Un momento después, la puerta se abrió y apareció el hermoso rostro de Liu Yan.
Song entró en la casa, y An Qing estaba en la cocina, friendo algunos platos; cuando vio a Song, su rostro se sonrojó ligeramente.
Liu Yan señaló con el dedo y dio un codazo a Song, diciendo:
—¿No me viste?
Song miró a Liu Yan con su camisón de seda, sus piernas blancas como la nieve, y no pudo evitar rodear su cintura con el brazo y plantarle un beso en los labios:
—Por supuesto que te vi, ¡me dejaste sin aliento!
Song dijo, y comenzó a levantarle el vestido.
Liu Yan apartó la mano de Song:
—¿Por qué tanta prisa?
¡Ve a lavarte las manos y come!
Song se rio y se lavó las manos, y cuando entró en la cocina, An Qing estaba cubriendo la olla, vigilando la sopa que hervía a fuego lento.
Song miró a An Qing, también en camisón, y luego la sopa de pollo en la olla, e incluso había una raíz de ginseng en ella.
—¡Parece que estás planeando nutrirme de verdad!
—No necesitas nada de eso, um, tú—¡no hagas travesuras!
—An Qing no pudo evitar gimotear.
La mano de Song ya se había deslizado bajo su falda, agarrando su trasero, que era bastante abundante y suculento.

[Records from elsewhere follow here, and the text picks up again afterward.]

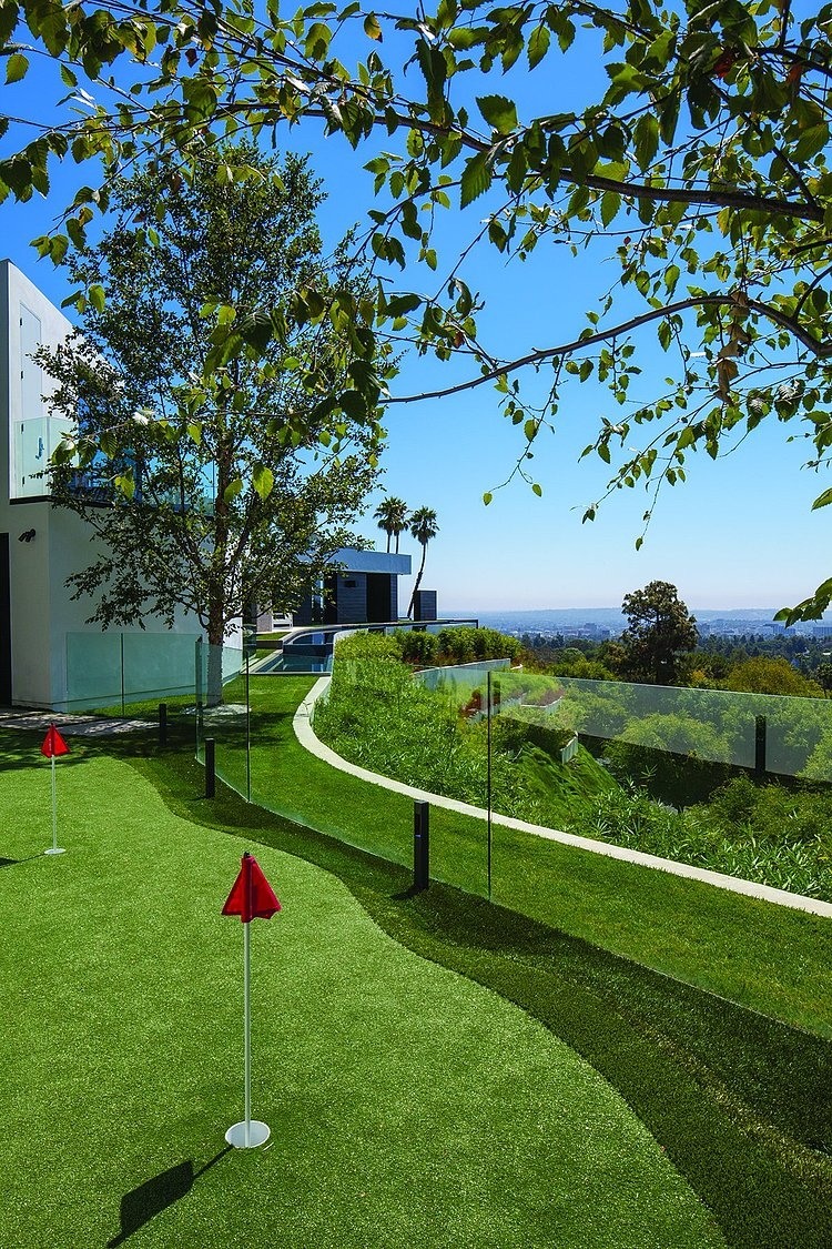 With the use of glass walls, the 5-car garage takes on the look of a classic auto showroom. Above it, accessible either by a walkway off the main house or privately though a glass enclosed spiral staircase, the spacious 2 bedroom guest house includes surround sound, television, writing studio, gym, and bar. Guests can enjoy their private deck and fire-pit, a view of the putting green, and of course the Pacific Ocean.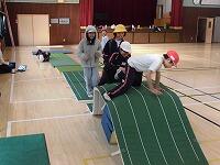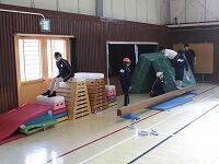 3・4年生の体育の授業では、運動器具をたくさん並べていました。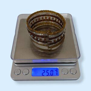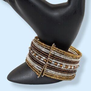 This bracelet is made of silver tone wire and 10+ layers of small beads. The bracelet features amber tone beads on the edges, with alternating layers of silver/clear and brown beads. The bracelet has an opening that overlaps itself slightly, and the wires in the bracelet move back into position well. The bracelet has some wear but nothing that affects wearability.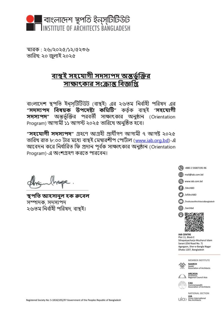 বাংলাদেশ স্থপতি ইন্স্টিটিউট (বাস্থই) এর ২৬তম নির্বাহী পরিষদ এর “সদস্যপদ বিষয়ক উপদেষ্টা কমিটি” কর্তৃক বাস্থই “সদস্যপদ” অন্তর্ভূক্তির পরবর্তী পরীক্ষা (Cycle-4) কার্যক্রমের সময়সূচি নিম্নোক্তভাবে নির্ধারণ করা হয়েছে: পরীক্ষার প্রস্তুতি কর্মশালা (Exam […]
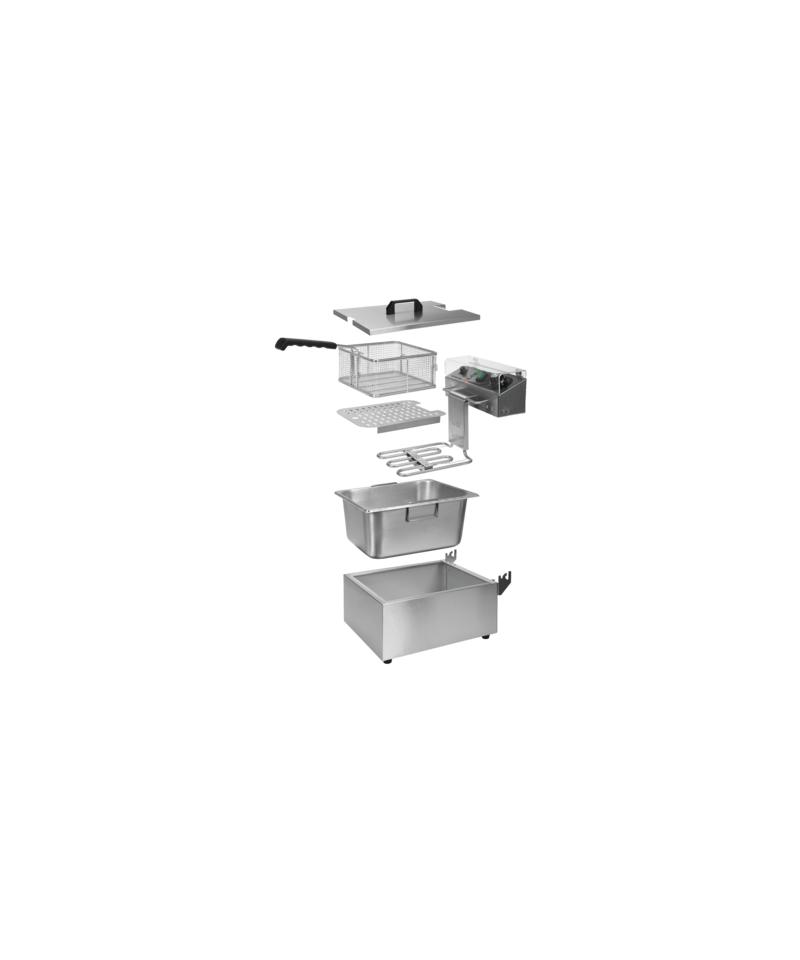Sowohl das robuste Gehäuse als auch der praktische Deckel, die zur Ausstattung der Fritteuse gehören, sind aus hochwertigem Edelstahl gefertigt. Dies gewährleistet nicht nur eine außergewöhnliche Langlebigkeit und Hygiene, sondern auch eine bemerkenswerte Reinigungsfreundlichkeit und die einfache Pflege des Geräts in perfekter Sauberkeit.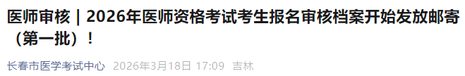 官方速报!吉林长春2026年医师资格考试考区复审已开始!第一批通过考区复审的考生的档案已经开始陆续邮寄回考生手中,考生收到档案即表示审核通过。需要补充材料等待二试复审以及未通过考区审核的考生将会陆续电话告知,请相关考生近期多关注!

—Tía, hueles tan bien, ¿acabas de ducharte?
—¡Mhm!
—respondió An Qing.
En ese momento, Liu Yan se acercó para buscar unos palillos, y luego miró fijamente a Song.
El corazón de Song dio un vuelco; frente a Liu Yan, levantó la falda de An Qing, agachándose tras ella:
—¡Déjame oler bien y ver si tú, Tía, te limpiaste lo suficientemente bien!
—Ah, Song, tú, no—um!
¡Ah!
Antes de que An Qing pudiera negarse, Song ya le había bajado las bragas, separando sus abundantes y redondas nalgas, estirando el estrecho orificio hasta convertirlo en una hendidura, y la ranura enterrada entre sus muslos abundantes también se separó ligeramente.
De esa hendidura rosa y abundante, los jugos ya habían comenzado a filtrarse.
Song separó sus nalgas e inspiró; el aroma de después de la ducha y las feromonas de la mujer, y tan pronto como Song olió, los jugos brotaron inmediatamente.
—Tía, estás empapada.
¡Estás muy cachonda!
—Song no pudo evitar exclamar.
Al ser llamada cachonda frente a su hija, An Qing se sonrojó instantáneamente de vergüenza, retorciendo su cuerpo para escapar, pero Song ya tenía su cara enterrada entre sus nalgas separadas, lamiendo su hendidura y orificio.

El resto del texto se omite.